Healthcare

What should insurance companies be concerned about?

The following is an excerpt from a letter to the editor of the New York Times. Profits are derived from volume. That is, more insured, more profits even if the profit per person is lower. Profit margins for large insurers are right in line with those of regulated electric and gas utilities, another vital service. 

… both Obamacare and Trumpcare suffer from an insurmountable problem: For-profit health care is a contradiction in terms. Insurance companies are most concerned about profitability, and profits are derived from high co-payments and premiums, discrimination against those with pre-existing conditions, expensive prescription medications (often with adverse side effects), excessive high-tech screening and surgical solutions. These approaches are not affordable for many people and may not produce good health, which frequently depends more on healthy diet and lifestyle choices, which are not profitable.

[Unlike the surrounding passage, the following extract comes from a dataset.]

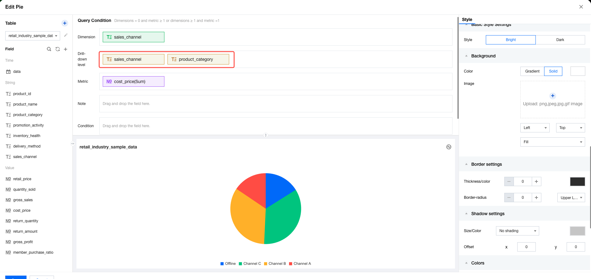 In the chart component configuration interface, hover the mouse over the dimension field and click Drill-down Analysis.
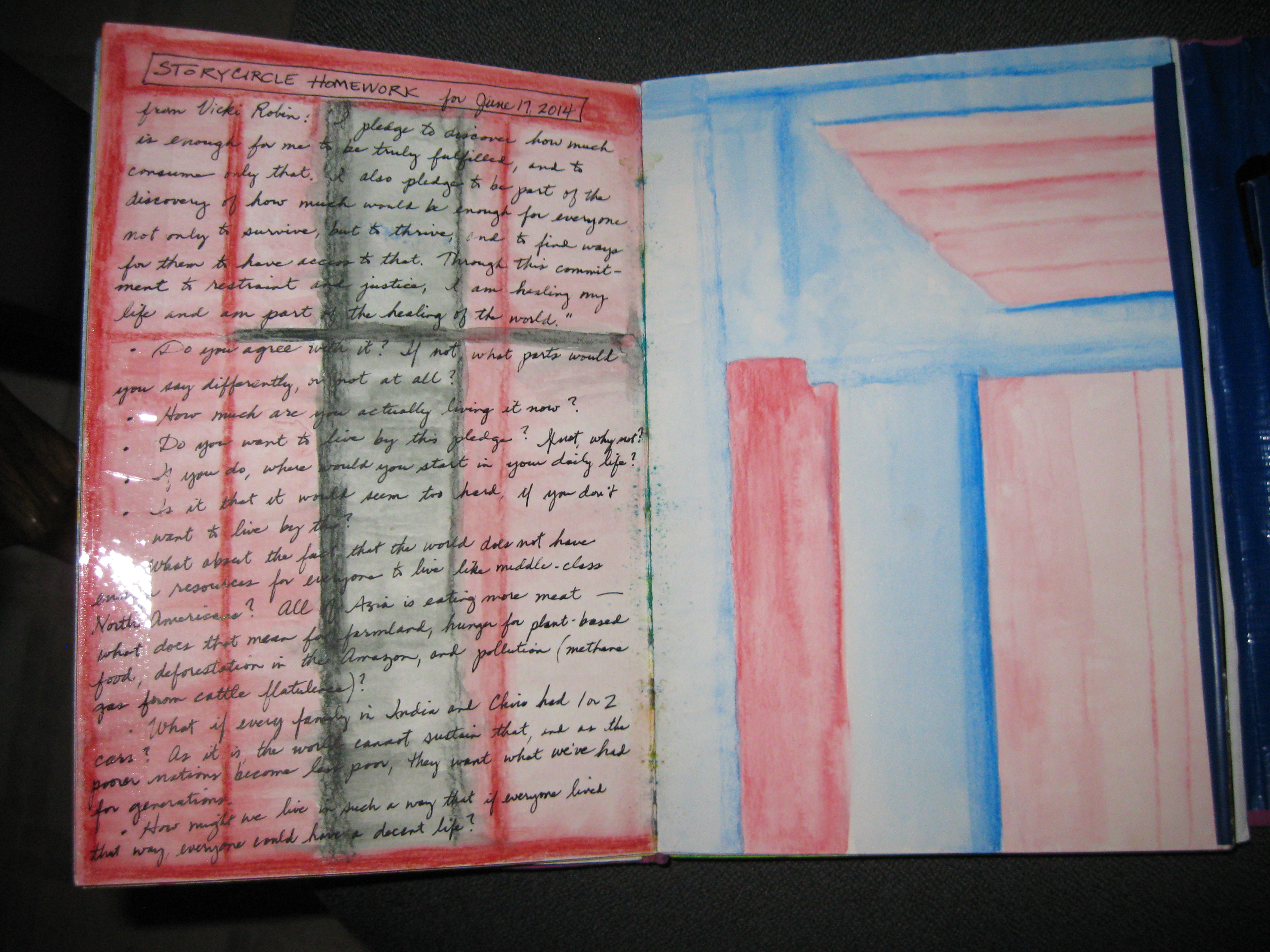 My journals are like scrapbooks, too, in that I glue in notes from others or daily life ephemera.  For several years I did more traditional photo-scrapbooking.  I like that, too, but that’s in a different category for me.  The photo-scrapbooks were made for other people’s eyes, whereas my journals are made for me.  I put in whatever pleases me, whether it’s “beautiful” or “perfect” or not.  And if I don’t like how a page turns out, I don’t tear it out or destroy it; I just turn the page and start again.  That’s also how I try to do life:  move forward, turn the page and start again!

But look at the acual statements. Insurance itself does not encourage high tech screening or surgery, quite the opposite in fact. Although it’s existence makes such practices more feasible. Even if you isolate the delivery system, much of the problem is patients demanding more and doctors protecting themselves if patients don’t get it. 

But the fundamental issue here is that we don’t accept the fact that what we buy to pay our help our health care bills is insurance  (or used to be). And that insurance must reflect the risks of providing it. There is nothing that health insurance does that is not part of all kinds of insurance, but we can’t accept that fact, we see it instead as a vehicle to simply pay all our bills and some not even treating a health care issue … but we don’t want to pay the price. 

If we want to remove incentives to provide more health care, perhaps we should put all health care providers on salary and all facilities on strict budgets … and then what consequences are we willing to accept.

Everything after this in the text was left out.